June 17, 2020
Eden Health District COVID-19 Bulletin
"I don't like to talk about a second wave right now, because we haven't gotten out of our first wave.”
Dr. Anthony Fauci, Daily Beast, 6/17/20
Soup for the Soul
Pho, the steamy, savory Vietnamese rice noodle soup, has become a bridge and a promise to elders in the Sacramento area isolated by months of stay-at-home orders and physical distancing needed to curb the coronavirus and Covid-19. Since starting a few weeks ago, the volunteer group Pho for Seniors has expanded to preparing and delivering meals to more than 180 seniors from a network of pho restaurants.

For Nikki Nguyen and Mai Nguyen (not related), putting together the effort was as quick as the fit was natural. Nikki owns a restaurant. Mai has ties with a local Vietnamese seniors association. Then the two thought about how they could help seniors caught in the contagion and stay-at-home order and joined forces with a Little Saigon community nonprofit. And by
helping seniors, the fledgling program also was helping restaurants whipsawed by the statewide shutdown.

It’s not just a bowl of pho: “It’s a soup for the soul,” Nikki Nguyen said. “It shows you’re not alone. You matter.
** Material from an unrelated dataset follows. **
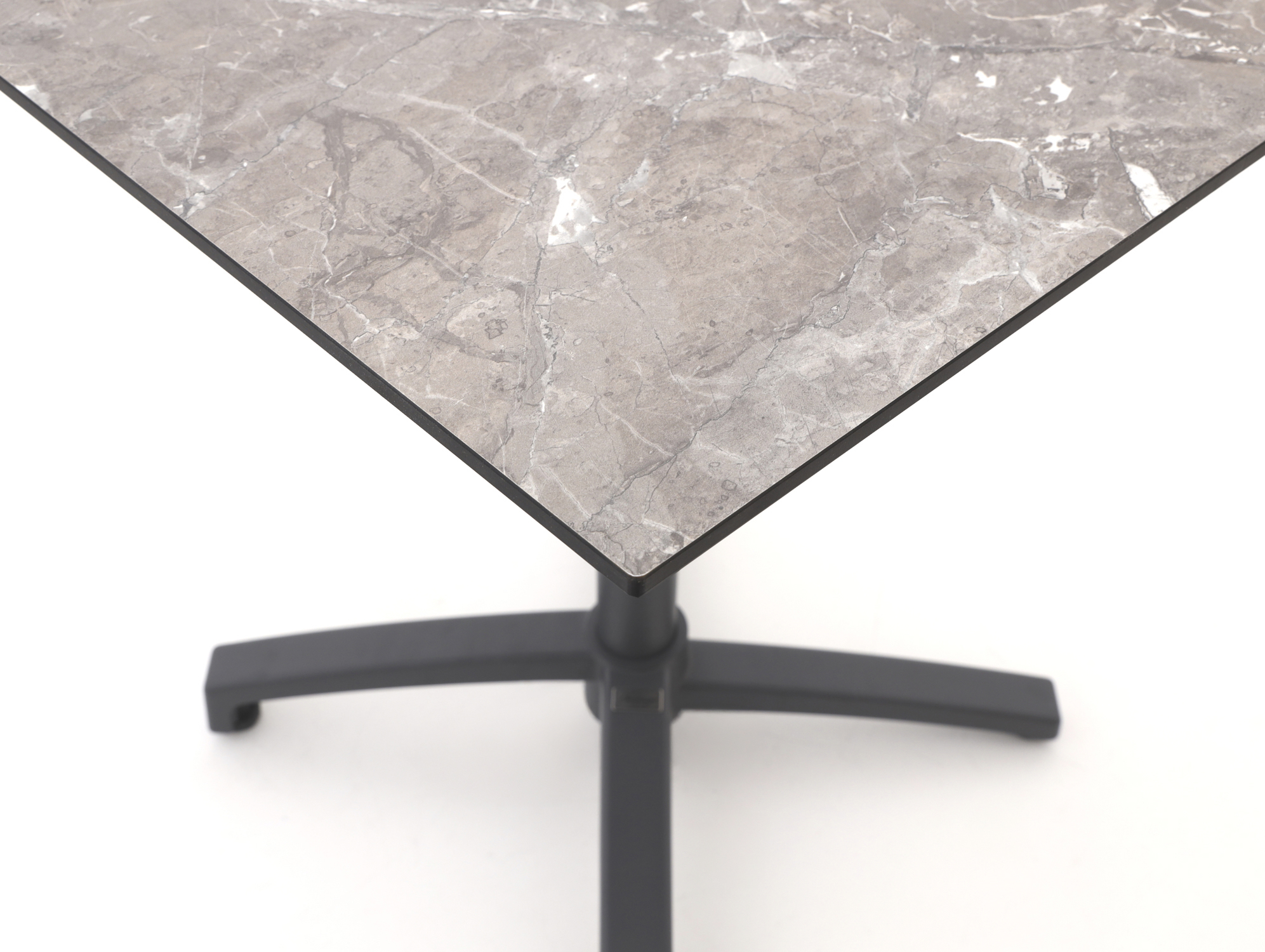 De Bellagio Canzo klaptafel 80x80cm is een compacte tuintafel voor 2 tot 4 personen, ideaal als je niet veel ruimte hebt maar wel lekker buiten wilt eten of borrelen. Door het handige klapsysteem klap je het blad eenvoudig omhoog en zet je de tafel smal tegen de muur, bijvoorbeeld op je balkon. Het grijze kunststof HPL blad is stevig en onderhoudsvriendelijk, dus je zet er zonder gedoe borden, glazen en een pan met eten op. Het aluminium onderstel in grijs is licht van gewicht, waardoor je de tafel makkelijk even verplaatst als je liever in de zon of juist in de schaduw zit.

You matter to the community.”

Source: Sacramento Bee
By the Numbers
CONFIRMED CASES
Alameda County: 4,481

Contra Costa County: 2,026

California: 159,231

U.S.: 2,148,357
REPORTED DEATHS
Alameda County: 112

Contra Costa County: 49

California: 5,203

U.S.: 117,290
Sources: Johns Hopkins University, LA Times & Alameda & Contra Costa Counties Dashboard
For Bay Area trends visit SF Chronicle tracker .
Bay Area News
East Bay Times, June 17, 2020
Contra Costa County is easing restrictions on hair salons, barber shops, churches and other facilities, even as a county official acknowledges that the county’s COVID-19 numbers are all trending upward. The county announced this week that as of Wednesday morning, an amendment to the coronavirus public health order would allow hair salons and barber shops to resume business. Houses of worship can hold religious services, including funerals, for groups of up to 100 people.

On Tuesday, Contra Costa Health Services Director Anna Roth told the Board of Supervisors that health officials were noting that most of the county’s coronavirus “indicators,” the rate of positive tests, the rates of deaths and hospitalizations, were still on the rise.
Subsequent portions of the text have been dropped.